Mechanisms of sleep deprivation-induced hepatic steatosis and insulin resistance in mice

内分泌学 睡眠剥夺 内科学 脂肪变性 胰岛素抵抗 脂肪肝 胰岛素 生物 医学 昼夜节律 疾病
作者
Fumika Shigiyama,Naoki Kumashiro,Yousuke Tsuneoka,Hiroyuki Igarashi,Fukumi Yoshikawa,Saori Kakehi,Hiromasa Funato,Takahisa Hirose
出处
期刊:American Journal of Physiology-endocrinology and Metabolism [American Physiological Society]
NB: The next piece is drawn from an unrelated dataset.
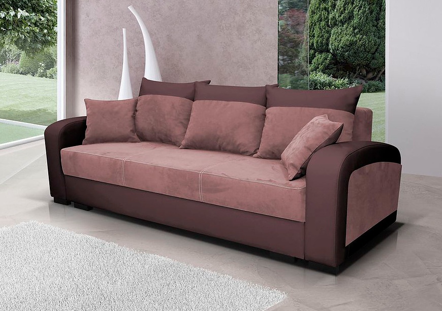 Pohovka Zara vyniká elegancí a pohodlím. Originální vzhled dodává kombinace barev a materiálů. Pohovka je potažena velmi příjemnou látkou v kombinaci s EKO kůží. Pohovka je rozkládací a samozřejmostí je i praktický úložný prostor na lůžkoviny. Výplň sedáku tvoří kombinace pružin bonell s kvalitní PUR pěnou. Jednoduchým rozložením vznikne dostatečně velké lůžko k občasnému přespání. V ceně pohovky jsou tři velké opěrné polštáře a dva melé dekorační polštářky. Ostatní vyobrazené dekorace nejsou v ceně.

卷期号:315 (5): E848-E858 被引量:47
标识
DOI:10.1152/ajpendo.00072.2018
摘要

Sleep deprivation is associated with increased risk for type 2 diabetes mellitus. However, the underlying mechanisms of sleep deprivation-induced glucose intolerance remain elusive. The aim of this study was to investigate the mechanisms of sleep deprivation-induced glucose intolerance in mice with a special focus on the liver. We established a mouse model of sleep deprivation-induced glucose intolerance using C57BL/6J male mice. A single 6-h sleep deprivation by the gentle handling method under fasting condition induced glucose intolerance. Hepatic glucose production assessed by a pyruvate challenge test was significantly increased, as was hepatic triglyceride content (by 67.9%) in the sleep deprivation group, compared with freely sleeping control mice. Metabolome and microarray analyses were used to evaluate hepatic metabolites and gene expression levels and to determine the molecular mechanisms of sleep deprivation-induced hepatic steatosis. Hepatic metabolites, such as acetyl coenzyme A, 3β-hydroxybutyric acid, and certain acylcarnitines, were significantly increased in the sleep deprivation group, suggesting increased lipid oxidation in the liver. In contrast, fasted sleep-deprived mice showed that hepatic gene expression levels of elongation of very long chain fatty acids-like 3, lipin 1, perilipin 4, perilipin 5, and acyl-CoA thioesterase 1, which are known to play lipogenic roles, were 2.7, 4.5, 3.7, 2.9, and 2.8 times, respectively, those of the fasted sleeping control group, as assessed by quantitative RT-PCR. Sleep deprivation-induced hepatic steatosis and hepatic insulin resistance seem to be mediated through upregulation of hepatic lipogenic enzymes.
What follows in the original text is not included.